By Ned Yoxall

It’s usual for those of us here at Data Science for Social Good to want to see our projects thrown into the spotlight. More publicity means a wider audience, which means a greater impact (or so the theory goes).

Yet for my own “Team Charlotte” and our close partners at “Team Nashville”, the recent events in Baton Rouge, St. Paul and Dallas have shone a stark light on what is at stake. Our task is to work with the police departments in our respective cities to predict officers at risk of an adverse interaction with the public, where an “adverse interaction” might mean an excessive use of force, a sustained citizen complaint, or an on-duty injury.

As a Brit, I can’t pretend to make much sense of the complicated maelstrom swirling around race relations and police brutality (perceived or otherwise) here in the US. One thing is certain though; debate swirling around the subject is often remarkably ill-informed. My sense is that this is largely due to a lack of data. True discrimination – or the lack thereof – can only be uncovered once we know the circumstances surrounding each event.
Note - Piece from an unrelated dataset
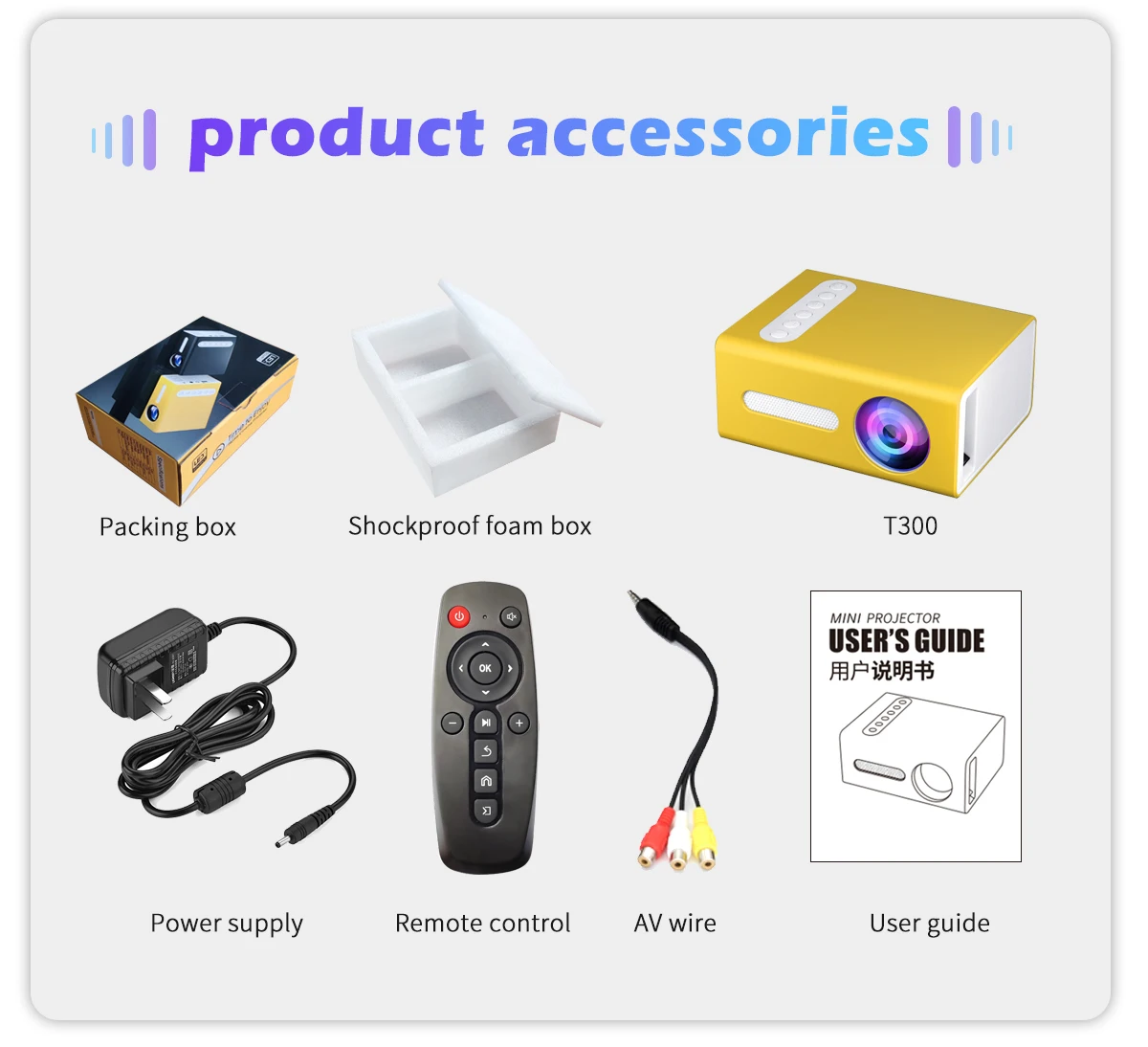 Посылка: ЖК-проектор T300-1 шт., пульт дистанционного управления-1 шт., av-кабель-1 шт., руководство пользователя на английском языке-1 шт.

It was against this backdrop that both the Charlotte and Nashville teams visited our departments, and while most of our time was spent in meetings discussing which features might best predict at-risk officers, or asking technical questions about how to link particular tables together, the standout highlight for all of us was a “ride-along” with a police officer.


Over the course of five hours, I accompanied an officer who had to deal with a host of calls: comforting a mother recently attacked by her armed son, rushing with sirens blaring to the aid of the fire brigade, and placating a 9-year-old boy runaway attempting to escape his mother to name a few. One traffic stop was particularly jarring for me: I asked my officer why he had touched the back of the van he pulled over; the reply was that he wanted to leave his fingerprints on the vehicle in case the driver were to shoot him.

It’s rare in data science to be given such direct access to the people and actions recorded in the data. Not only did this give us a chance to ask questions about data collection and recording; it also gave us an unparalleled opportunity to speak to the officers on the ground. After all, these are the people who know better than anyone the factors that could lead to an adverse incident. We learnt, for example, that answering multiple suicide calls in a short period of time can take a heavy psychological toll, as can the collapse of family life following a divorce, or the death of a parent.

These examples may sound like statements of the excruciatingly obvious to you. But without my experience in that passenger’s seat I would have found it all too easy to treat an officer like a robot, completely unaffected by the context of their life and circumstance when making split-second decisions in the line of duty. Without these ride-alongs all I had was a stereotype of police officers derived from news media, television, and movies.

I was also reminded that such expressions of human nature are not limited to the officers on the front line. Supervisors who judge whether an incident is deemed adverse can also err; their judgement will not be perfect 100% of the time. Putting my data science hat back on, this means that we need to apply a healthy dose of skepticism to our data; real life is messy, relational databases are not.

All of this leads me to believe that the difference between what gets recorded in a database and the nuance of what happens on the ground should be accepted in the wider discussion about the relationship between the police and the public. Within the police force there are as many opinions about how things should be run as there are officers, and a binary and moralistic view of “the police” being “right” or “wrong” is too often a gross over-simplification.

And so we need to bring this insight that “the police” can not be treated as one homogeneous group to our work. When building our model predicting officers at risk of an adverse incident, we’ll be looking for ways to include as many contextual features as possible so that we capture as much nuance as possible. Our hope is that this will allow us to create a system that will make both the police and the public safer. It may also restore a little trust in the police force, which, in turn, would be a vital first step along the road to reconciliation.